THE PROBLEM —
If a line below falls between the line with "Playing Super Mario" and the line with "Jean Wide Leg", or is one of those two, output it exactly; output nothing else and no pictures.

DATA FOR THIS EXERCISE —
=====
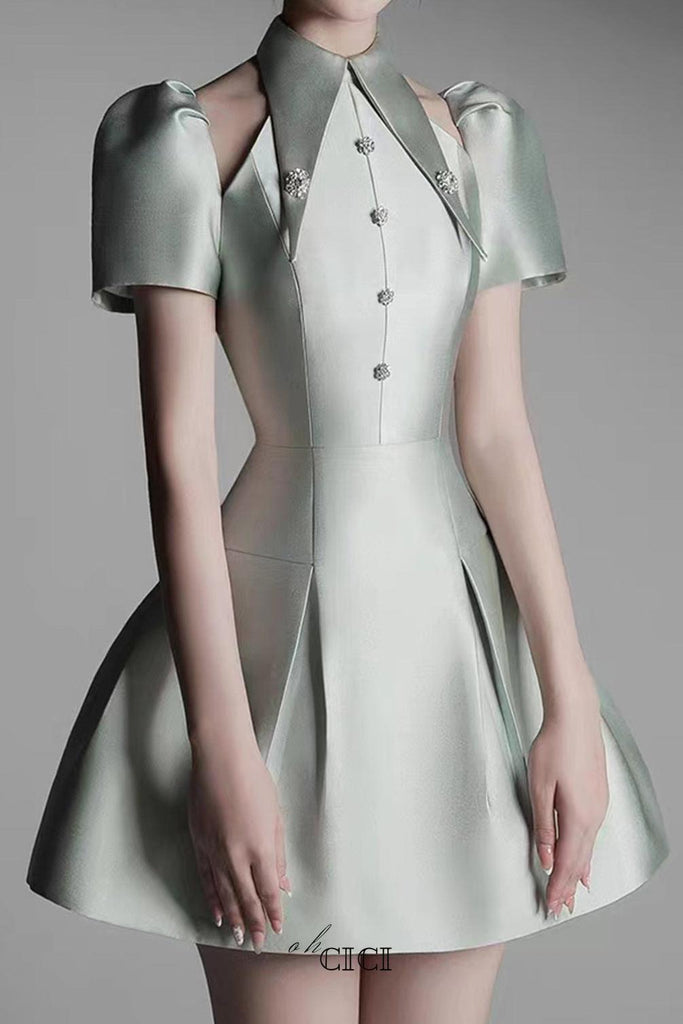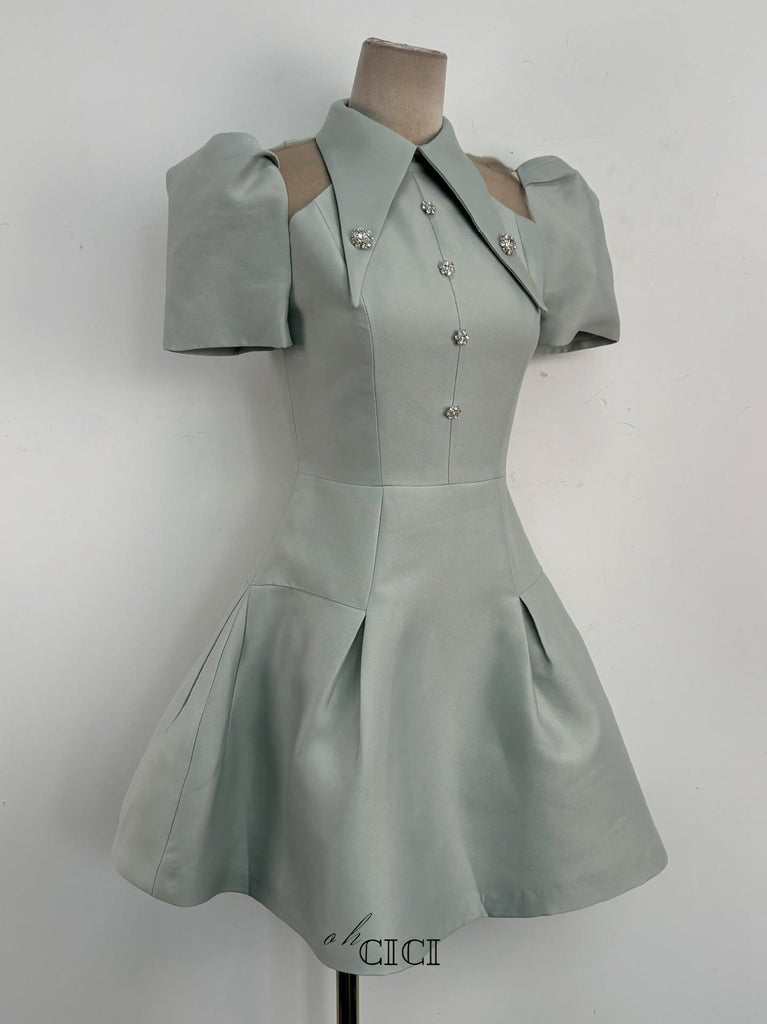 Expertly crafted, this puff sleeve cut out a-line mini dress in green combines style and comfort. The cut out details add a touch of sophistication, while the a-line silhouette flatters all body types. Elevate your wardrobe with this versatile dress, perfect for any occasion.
=====
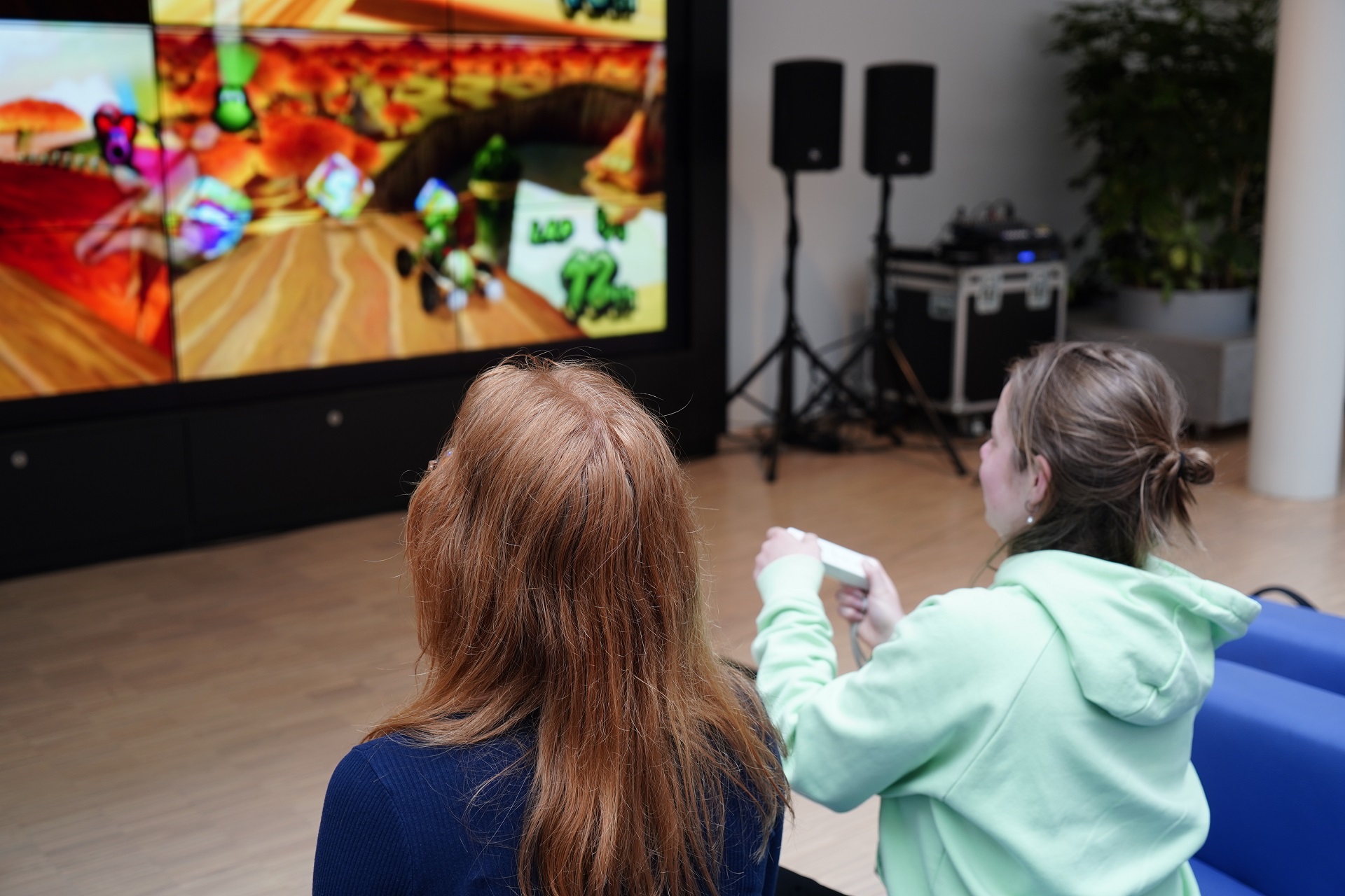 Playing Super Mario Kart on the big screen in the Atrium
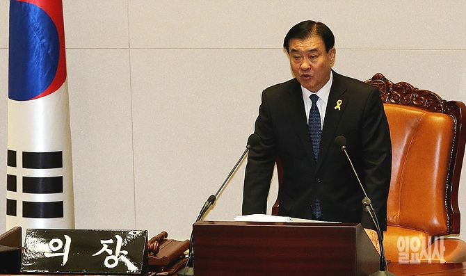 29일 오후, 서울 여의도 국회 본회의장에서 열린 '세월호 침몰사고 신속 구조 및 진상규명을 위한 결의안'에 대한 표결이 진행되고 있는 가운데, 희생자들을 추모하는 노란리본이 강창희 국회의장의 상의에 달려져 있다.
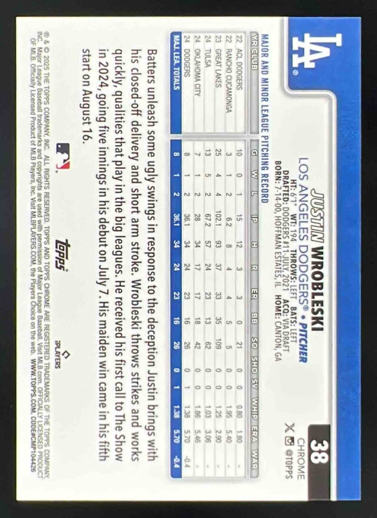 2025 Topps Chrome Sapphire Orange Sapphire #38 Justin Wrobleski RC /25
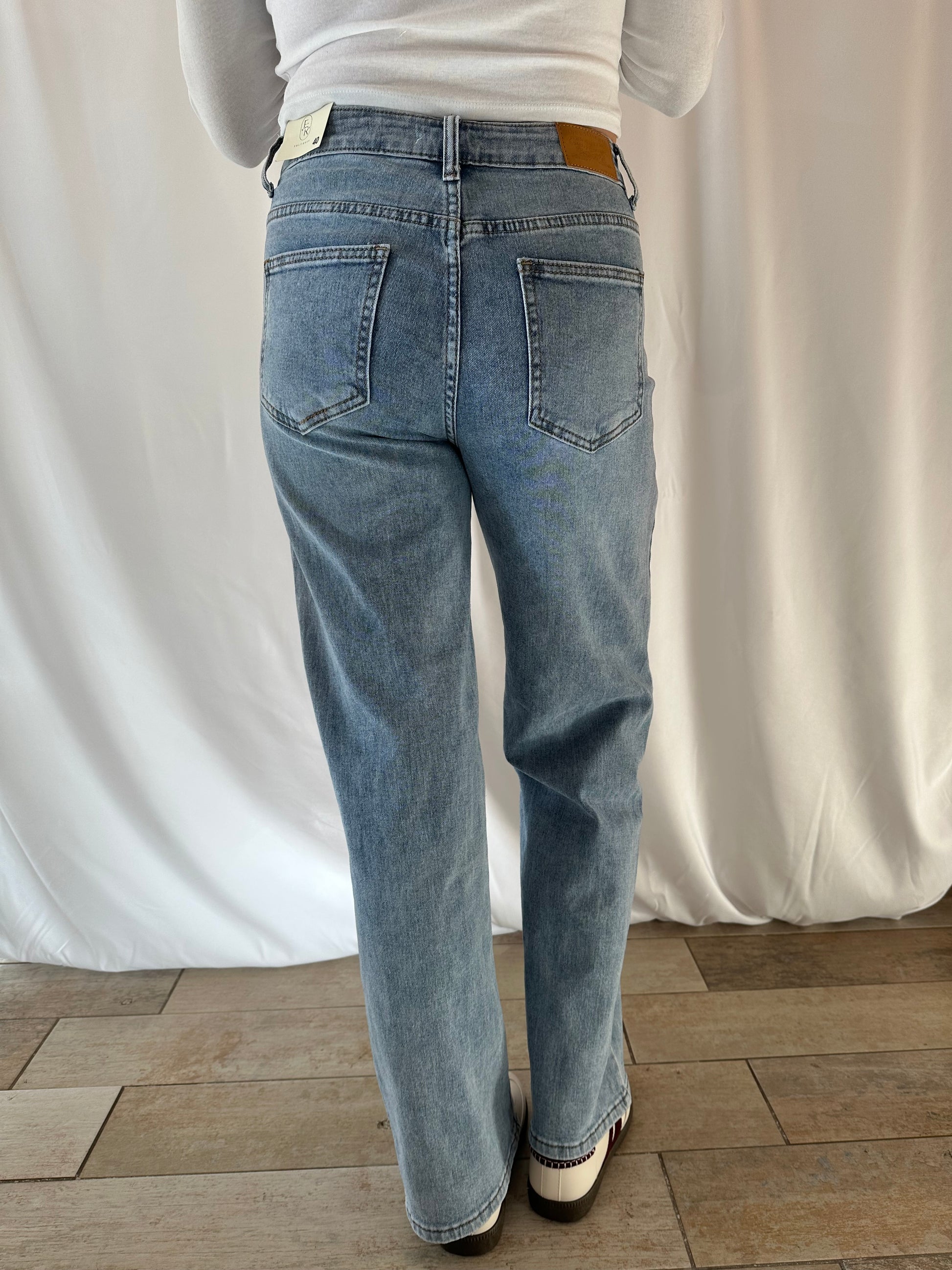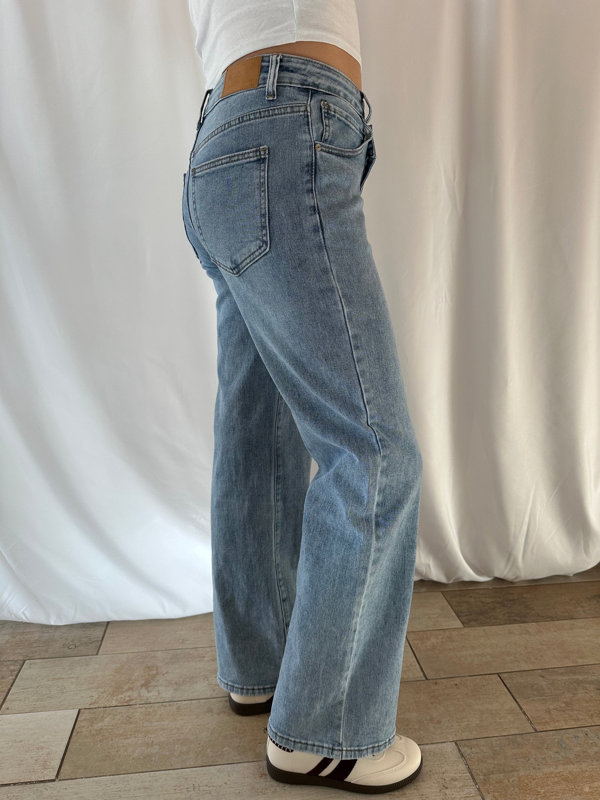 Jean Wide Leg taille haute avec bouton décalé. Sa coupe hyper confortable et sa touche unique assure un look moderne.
=====
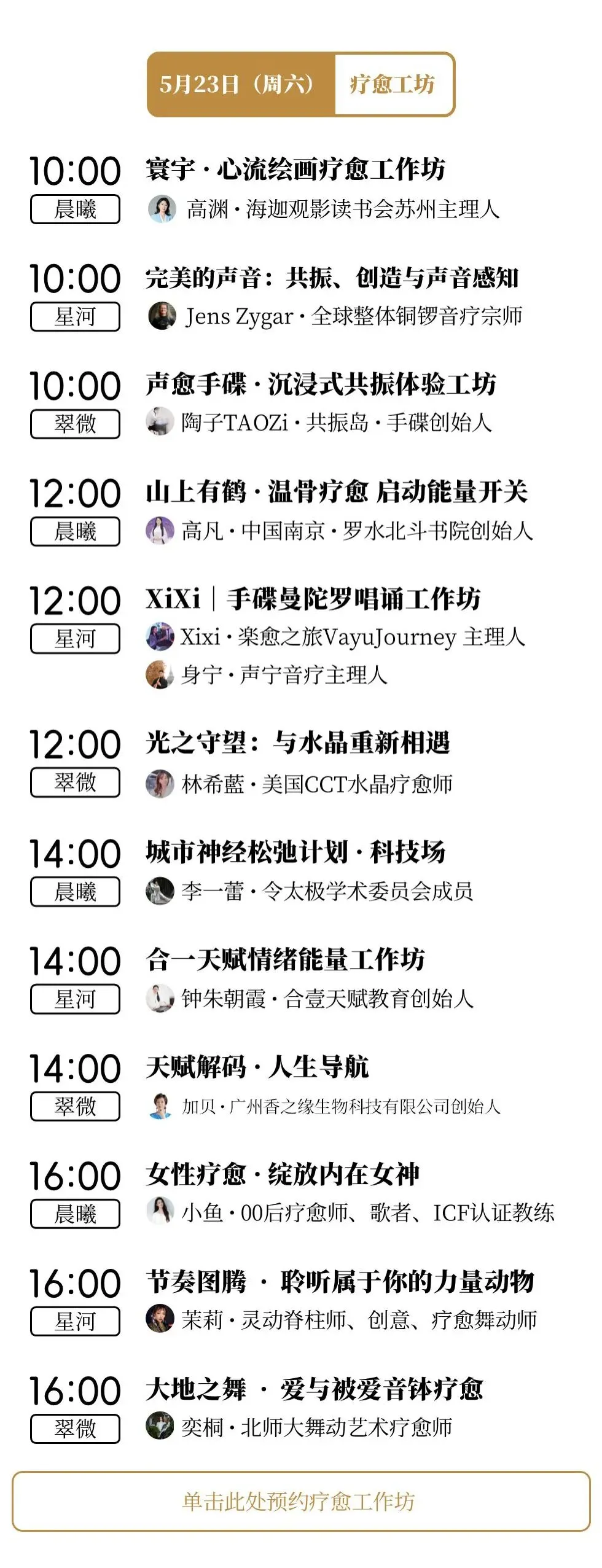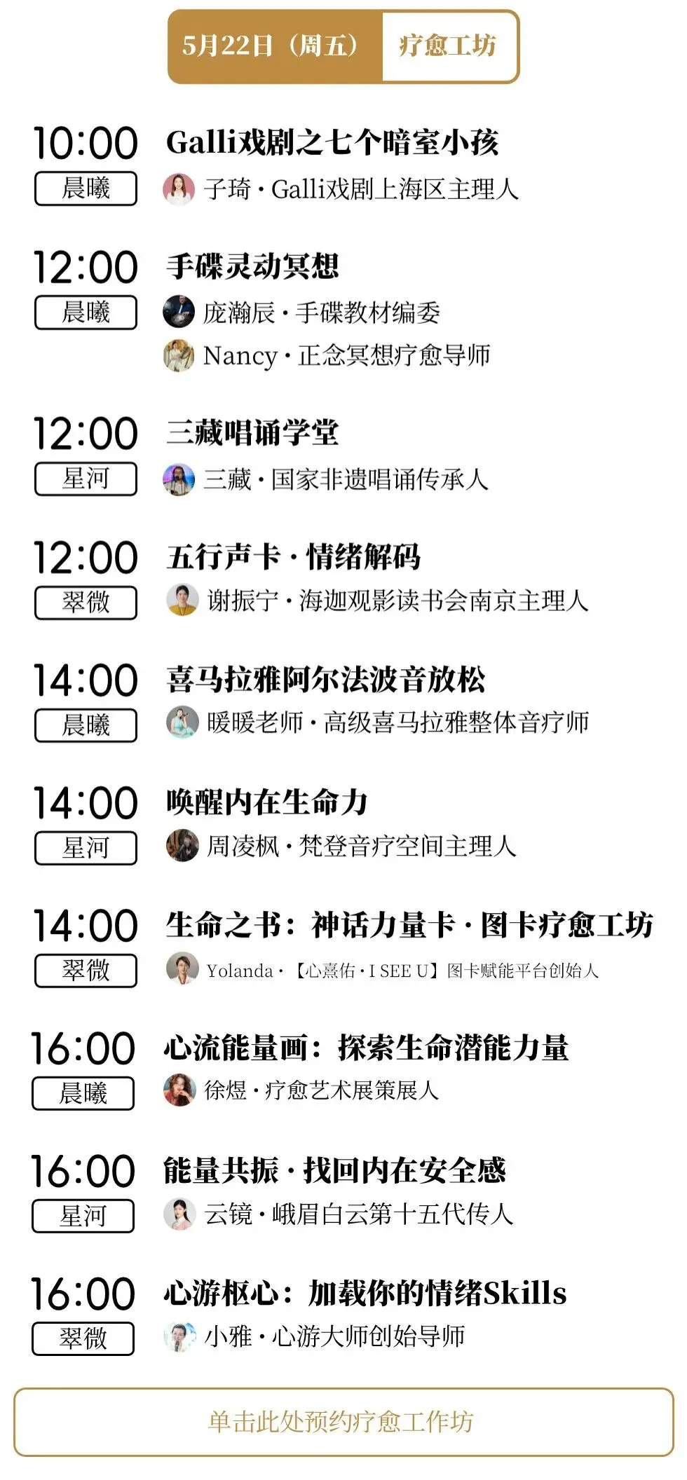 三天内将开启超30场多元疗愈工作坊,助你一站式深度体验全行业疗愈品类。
=====
OUTPUT —
 Playing Super Mario Kart on the big screen in the Atrium
 29일 오후, 서울 여의도 국회 본회의장에서 열린 '세월호 침몰사고 신속 구조 및 진상규명을 위한 결의안'에 대한 표결이 진행되고 있는 가운데, 희생자들을 추모하는 노란리본이 강창희 국회의장의 상의에 달려져 있다.
 2025 Topps Chrome Sapphire Orange Sapphire #38 Justin Wrobleski RC /25
 Jean Wide Leg taille haute avec bouton décalé. Sa coupe hyper confortable et sa touche unique assure un look moderne.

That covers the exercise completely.